EBNEO Commentary: Umbrella Review Evaluating Interventions to Decrease Risk of Bronchopulmonary Dysplasia in Preterm Neonates
MANUSCRIPT CITATION
Abiramalatha T, Ramaswamy VV, Bandyopadhyay T, Somanath SH, Shaik NB, Pullattayil AK, Weiner GM. Interventions to Prevent Bronchopulmonary Dysplasia in Preterm Neonates: An Umbrella Review of Systematic Reviews and Meta-analyses. JAMA Pediatrics 2022; 176:502-516. PMID 35226067.
REVIEWED BY
Sara Stucker, MD
Neonatal-Perinatal Medicine Fellow
University of Minnesota
Stuck085@umn.edu
Ellen Diego, MD
Assistant Professor of Pediatrics
University of Minnesota
Diego008@umn.edu
QUESTION
What interventions are effective for preventing bronchopulmonary dysplasia (BPD) or mortality at 36 weeks’ postmenstrual age (PMA) in preterm neonates as evaluated in systematic reviews with meta-analyses?

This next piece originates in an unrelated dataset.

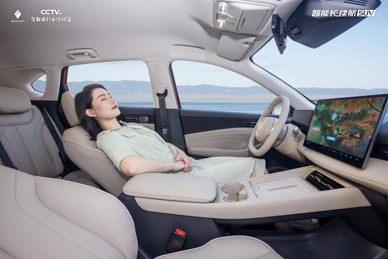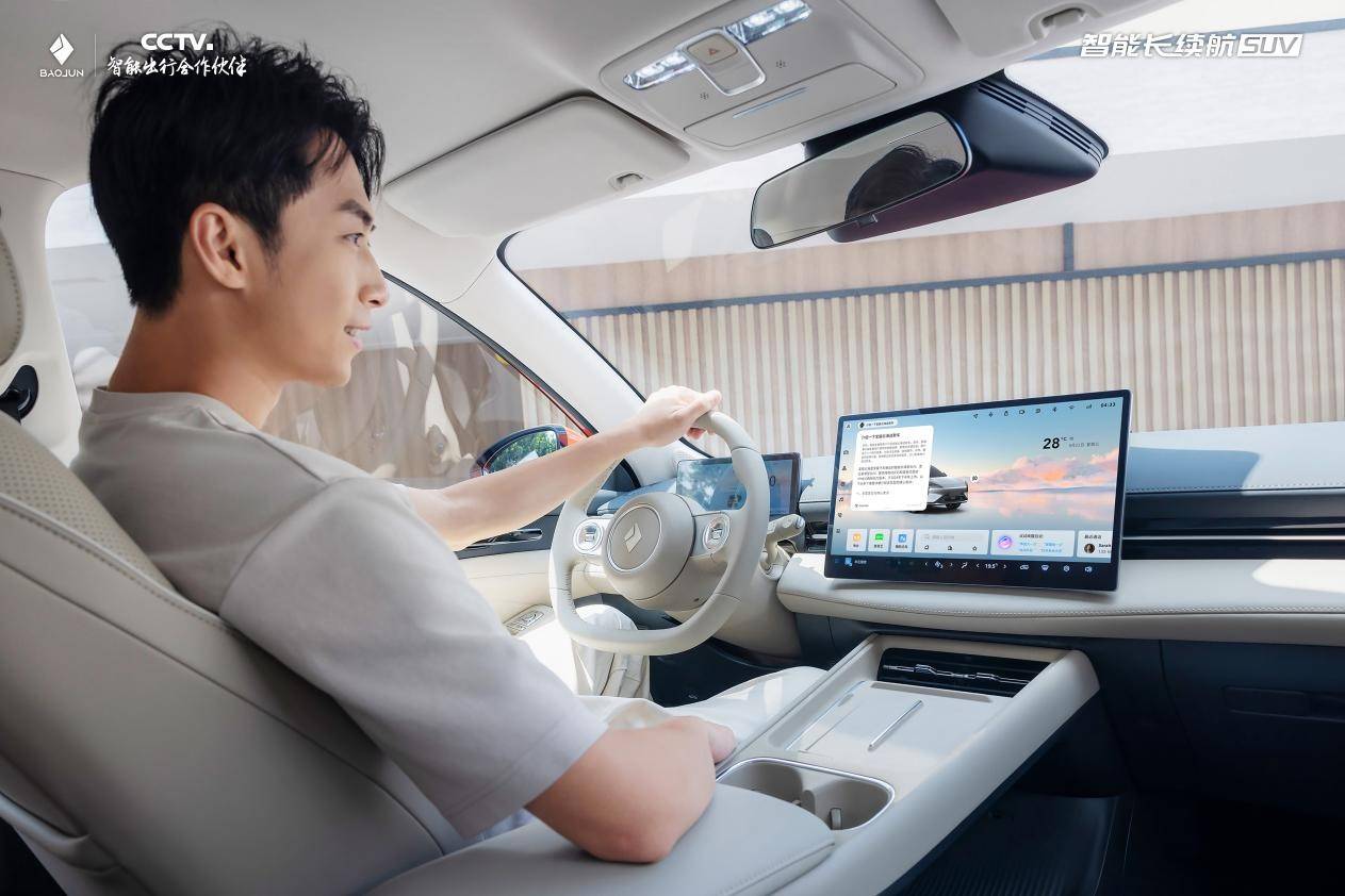 宝骏云海座舱内部采用流线环抱美学设计,并提供了全新的云霞米、云暮黑双色内饰。配备8.8英寸全液晶仪表与15.6英寸中控屏幕,搭载灵语智能座舱,车机UI全面焕新,并与AI大模型融合DeepSeek,覆盖8大方言和12种重口音。新增露营/小憩模式、应用商店与壁纸商城。

P: Preterm infants born at less than 37 weeks’ gestation
I: Clinical care interventions in the delivery room or Neonatal Intensive Care Unit (NICU)
C: Current unit practice standard
O: Bronchopulmonary dysplasia (BPD) or mortality
T: 36 weeks’ PMA
METHODS
- Design: Umbrella review of systematic reviews with meta-analyses
- Allocation: Varies with individual study, all randomized control trials (RCTs)
- Blinding: Varies based on individual study
- Follow-up period: 36 weeks’ PMA
- Setting: All studies conducted in a hospital setting in the NICU with some studies also conducted in the delivery room.
- Patients: Premature infants at risk for BPD
o Inclusion Criteria: Systematic reviews with meta-analyses of RCTs evaluating interventions in preterm infants <37 weeks’ gestation that reported BPD as a primary or secondary outcome.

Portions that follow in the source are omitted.